Universal Protein Distributions in a Model of Cell Growth and Division
Naama Brenner, C.M. Newman, Dino Osmanovic, Yitzhak Rabin, Hanna, Salman, and D.L. Stein

TL;DR
This paper introduces a stochastic growth-and-division model that accurately captures the universal skewed shape and quadratic variance-mean relationship of protein distributions in bacteria and yeast, providing insights into cellular protein variability.
Contribution
The authors develop an exact analytical model of protein distributions in cell growth and division, revealing a single parameter that determines distribution shape and variance-to-mean relation.
Findings
Model reproduces observed protein distribution shapes
Single parameter controls distribution properties
Predictions align with experimental data
Abstract
Protein distributions measured under a broad set of conditions in bacteria and yeast were shown to exhibit a common skewed shape, with variances depending quadratically on means.

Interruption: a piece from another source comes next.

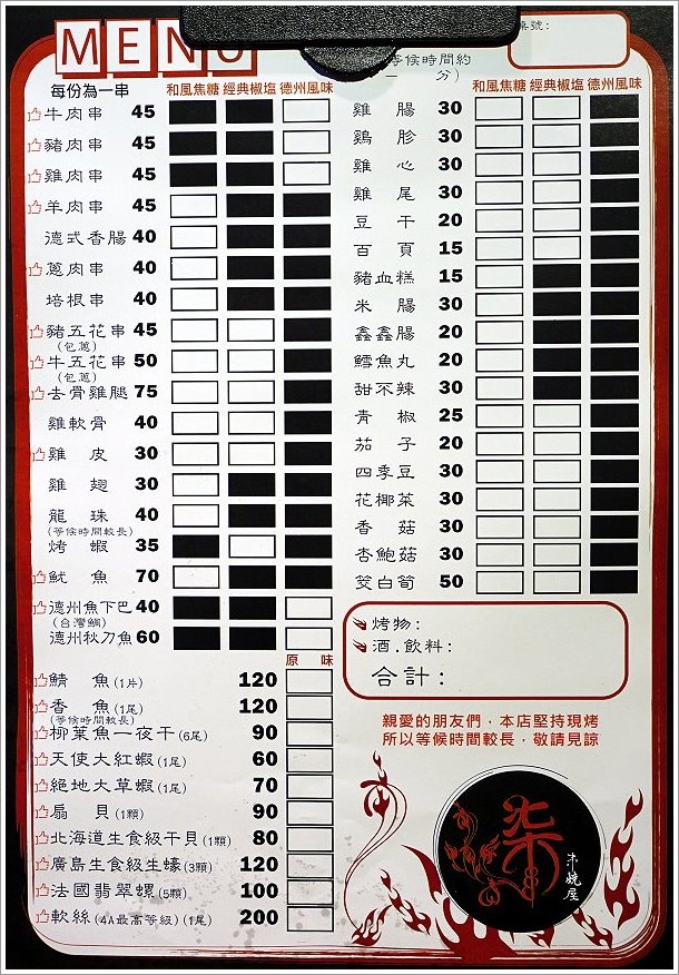 ▼菜單,這裡的餐點價位相當平實,從15~200元不等,以台北店面來說算是非常實惠了!特別的是他們一共有提供和風焦糖、經典椒鹽、德州風味三種風味的醬料,口味吃起來跟其他串燒店也更加不同啦!另外海鮮都是以原味為主,就是希望客人能夠吃到高品質、新鮮的海鮮食材,而不要被過多的醬料給遮蓋原有的風味,喜愛海鮮的朋友必點!

For bacteria these properties were reproduced by temporal measurements of protein content, showing accumulation and division across generations. Here we present a stochastic growth-and-division model with feedback which captures these observed properties. The limiting copy number distribution is calculated exactly, and a single parameter is found to determine the distribution shape and the variance-to-mean relation. Estimating this parameter from bacterial temporal data reproduces the measured distribution shape with high accuracy, and leads to predictions for future experiments.